By 12:30, Zach was ready to go home, and that left Mike and I with plenty of time to make the 1:00am train and get home in time to watch the new episode of Lost (which was surprisingly good, by the way). Unfortunately both of my organized military guys had lost their coat check tickets in their drunkenness, leaving them forced to plead their cases to the super bitchy coat check girl who didn't know the meaning of the word helpful, let alone how to mime it. In the past, Zach has had a tough relationship with coat check people and last night was no exception. Mike was the voice of reason but unfortunately, coat check lady was so slow we ended up missing our window to take the 1:00am train.
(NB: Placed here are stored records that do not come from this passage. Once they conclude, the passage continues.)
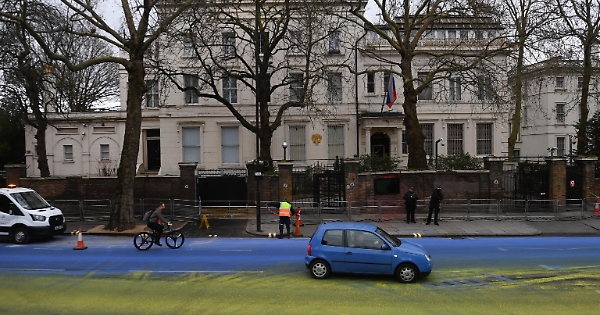 Londra, attivisti verniciano giallo-blu strada ambasciata russa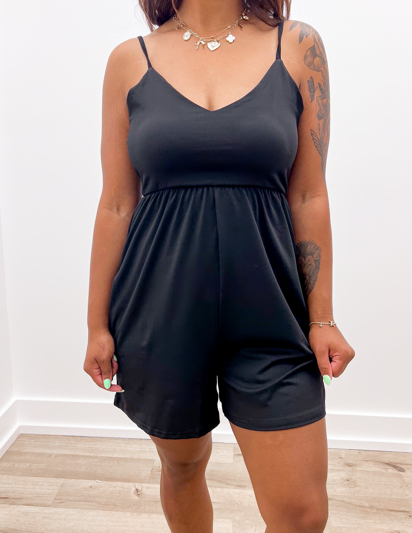 This Is Why Basic Loose Tennis Cami Romper in Black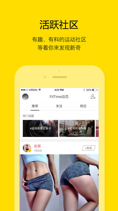 FitTime即刻运动,带给你最好的中文原创健身、瑜伽视频课程和训练计划,给你最接近线下健身房的私教体验,让你把家变成健身房,足不出户享受明星教练的课程,在家轻松减肥、瘦身、增肌、塑形。相信我,你离你想要的马甲线、人鱼线、翘臀、腹肌、瘦腿,只差一个「FitTime」。【软件特点】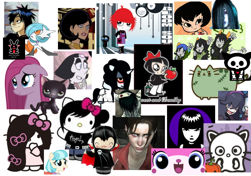alternative metal, halloween, horror movies, striped patterns, fizzy drinks, cartoon villains, music on physical formats, foraging through ebay, smudgy eyeliner, luxury chocolate, black cats and bunnies, webkinz and littlest pet shops, fancy coffee, clowns, black nail polish, general dark/gloomy imagery and the late 2000s/early 2010s. i am very passionate about art and fashion in general!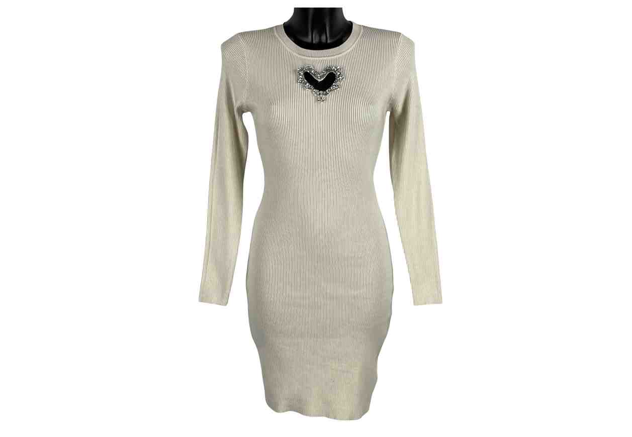 VERONICA RIZZI Abito a costine con taglio a cuore frontale e strass

While they were fighting with the coat check bitch, I spotted once again a woman who looked like she had escaped, quite unglamorously, from a Soviet work camp. She had toilet paper trailing out from under one of her chunky clogs so I pointed it out to her. Instead of discreetly removing it, she lifted her foot and loudly proclaimed it to her other female friend and her adorable blond fag. The homo who had eyed me earlier in the evening, used this as an opening to start a conversation. He complimented me for rescuing a stranger from embarrassment as he ran his hand along my plaid shirt. He asked me where I was tonight and when I said I was at work he asked, "At an Abercrombie photo shoot?" I smiled politely and said no as I put my coat on. Then he said, "Where are you going? An Abercrombie photo shoot?" This is what is known as a textbook case of blind drunk, with the emphasis on the blind. But I gave him my card anyway and made out with him a bit. It was a terrible line and even though I am as old as Mount Washington, I am only human. There are a lot of sides to this square.
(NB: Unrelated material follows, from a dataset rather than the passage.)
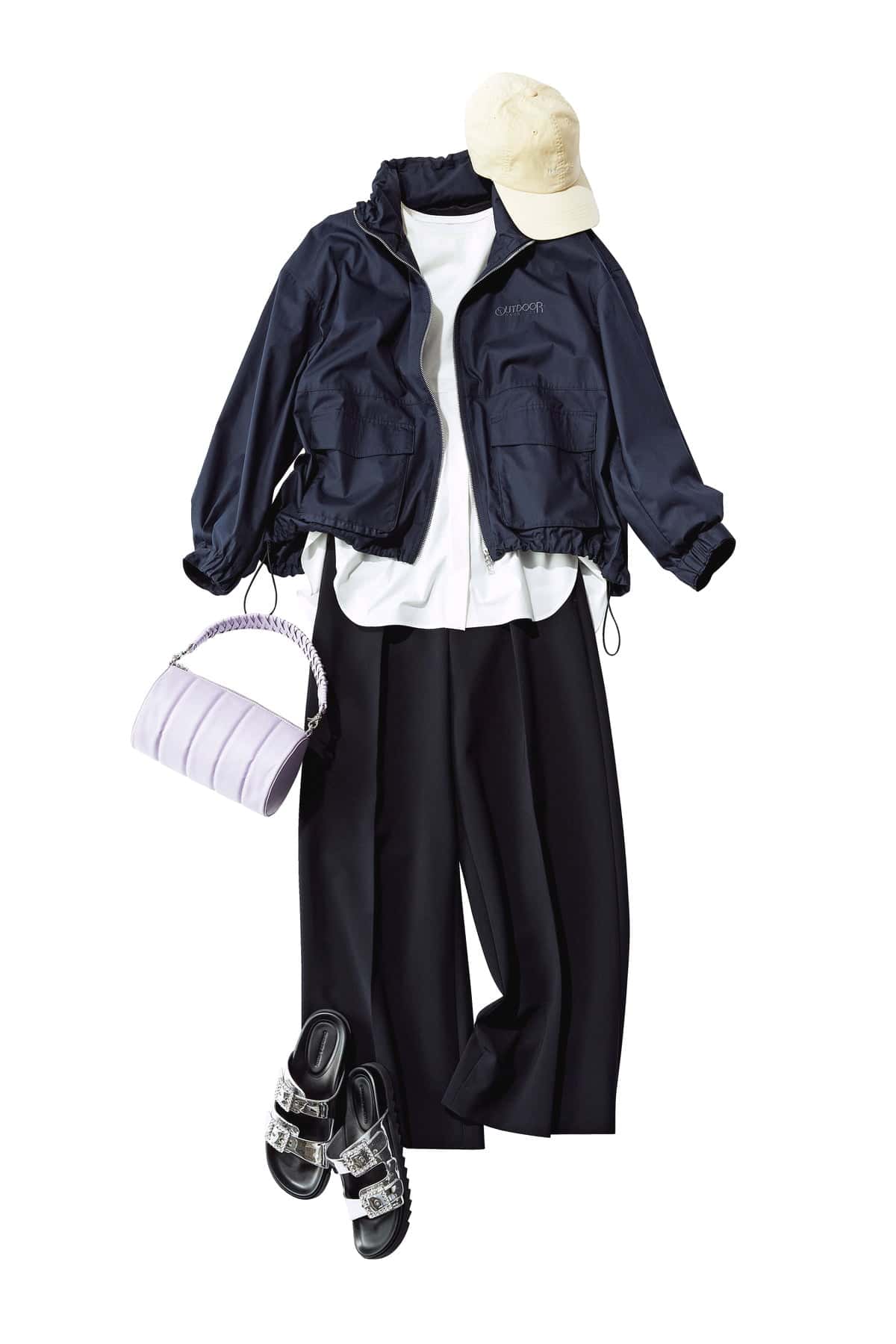 ブルゾン[ZERO-TEXⓇ/イージーケア]¥15,994(アウトドアプロダクツ × フリークス ストア/フリークス ストア渋谷)ノースリーブトップス[ソロテックスⓇ/速乾性・シワになりにくい・軽量]¥22,000(LE PHIL/LE PHIL NEWoMan 新宿店)パンツ[撥水・マシンウォッシャブル]¥28,600(アンクレイヴ)バッグ¥42,900(リンク)サンダル¥9,900(チャールズ&キース/チャールズ&キース ジャパン)キャップ[チャンピオン別注]¥3,850(ロペピクニック パサージュ)

On our way out, I said good bye to Mark at the door and then Mike and I parted company with Zach. Since we had some time to kill, I entreated Mike to come to Taco Bell with me. Mike has sworn off fast food all year and being the horrible influence that I am, I got him off the wagon. Once there, I discovered something new on the menu (though still containing all nine of the usual ingredients). They now have something called a "Fiesta Platter" which is just the perfect thing for me to bring to the Long Kiss Good Night featuring Hillary and Barack at Jonathan's on Tuesday night. The platter with the Grilled Stuft Burrito was almost too much food for one person but I still ate the whole thing while sitting in our usual late night spot at Grand Central Station. I had a good time at Pop Rocks, but the innocent days of Britney and Justin are long behind us all. I may not be collecting social security with Danny Glover and flattering attention from blond strangers is always appealing, but I do think I am getting too old for this shit.

1 comment:

chellie said...

be careful! strangers have cooties that are WAY WORSE than no paper towels in the bathroom.